Mourani's search for a political home after being expelled from the Bloc last year has led her to the federal New Democrats, but the party's rules prevent her from crossing the floor of the House of Commons to join them.
Nonetheless, NDP Leader Tom Mulcair called Mourani's decision an honour.
"Her courage her convictions have impressed a lot of people in the last year,"he told a news conference, which featured Mourani signing her name to a giant orange NDP membership.
"Her progressive values are those of the NDP.''
For her part, Mourani said she hasn't fully made up her mind whether she'll run in the 2015 campaign. First, she said, she wants to take the time to talk to her riding executives and constituents.
"Personally, yes, I want to stay in politics otherwise I wouldn't be here," she said in French. "And I want to run for the NDP."

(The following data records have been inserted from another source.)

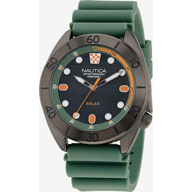 手表 代购nautica诺帝卡男士腕表太阳能夜光计时防水橡胶带金属壳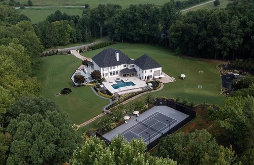Ultra-Luxurious and Entertainment-Ready Manor with Utopian Vibes! Inspired by the luxe comfort of resort living, the estate is equipped with a Tennis Court, Bocce Court, Gym, Theater, Heated 40ft Pool, Jetted Spa, Pickleball Courts, Rubber Playground, Soccer Field, Basketball Court, Volleyball Court, Tether Ball, 100-Yrd Chipping Range, 450-Yrd 5- hole Disc Golf and so much more!! 45 mins from Atl airport, this 8BR/8.5BA 8 acre family residence provides a truly unique experience. Welcome home!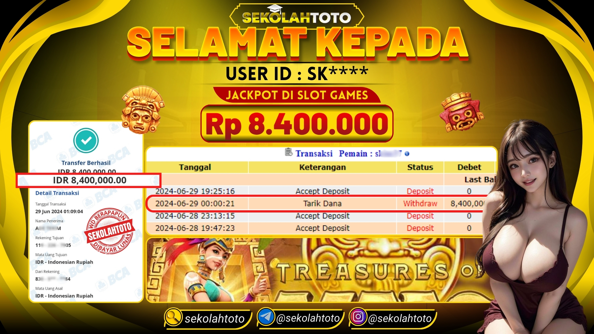 BUKTI JACKPOT SLOT GAMES 29 Juni 2024 Posted by kepsektoto Treasures of Aztec Sabtu, 29 Juni 2024 RP. 8.400.000,- Selamat Kepada Pemenang. Salam JP, Sekolahtoto ! Updated: 29 Juni 2024 at 21:34 ◀ BUKTI JACKPOT SLOT GAMES BUKTI JACKPOT LIVE CASINO ▶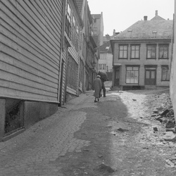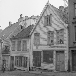 Huset med lykt er Nordre Schreudersmug 4, deretter nr. 6. Lengst til høyre er Søndre Griegsmug, huset med den spisse gavlen er nr. 2.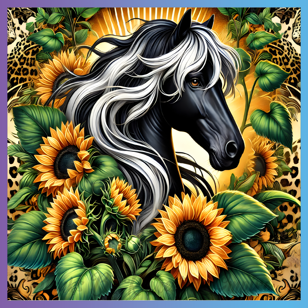 Theme: Horse with black, sunflowers, leaves, golden.

Mourani was thrown into the role of an Independent member of Parliament after the federal separatist party kicked her out for criticizing the then-provincial Parti Quebecois government's proposed charter of values.
Though she'd once run for the leadership of the BQ, a few months after being expelled she renounced her separatist beliefs.
After lengthy reflection, she said she now believes her political values align most closely with the New Democrats — a conclusion she said her constituents will understand, if not agree with.
"They understand that I'm social democrat, that I'm progressive, so logically my ideas, my values, my path is towards the NDP," she said. "So I think I'll be much better accepted then if, for example, I went to the Conservative party."
Though she didn't go knocking at those caucus doors, Mourani did say Wednesday she discussed joining the Greens and the Liberals.
She ultimately walked away from the Liberals in part because Trudeau wouldn't meet with her, she said.
"I felt like there is no leader in this party," she said. "For me, a party needs policies, we need values and we need a leader."
Asked about Mourani's comments later Wednesday, Trudeau said the conversations were preliminary.
"Madame Mourani approached us a number of times with an interest in perhaps becoming part of the Liberal team. We indicated that there is a process. We have open nominations," he said.
"And it never got far enough along for me to actually sit down and meet with her."
Mourani was first elected in 2006 to represent the Montreal riding of Ahunstic, though she ran unsuccessfully for the BQ in 2004.
She is the first woman of Lebanese origin to be elected to the House of Commons.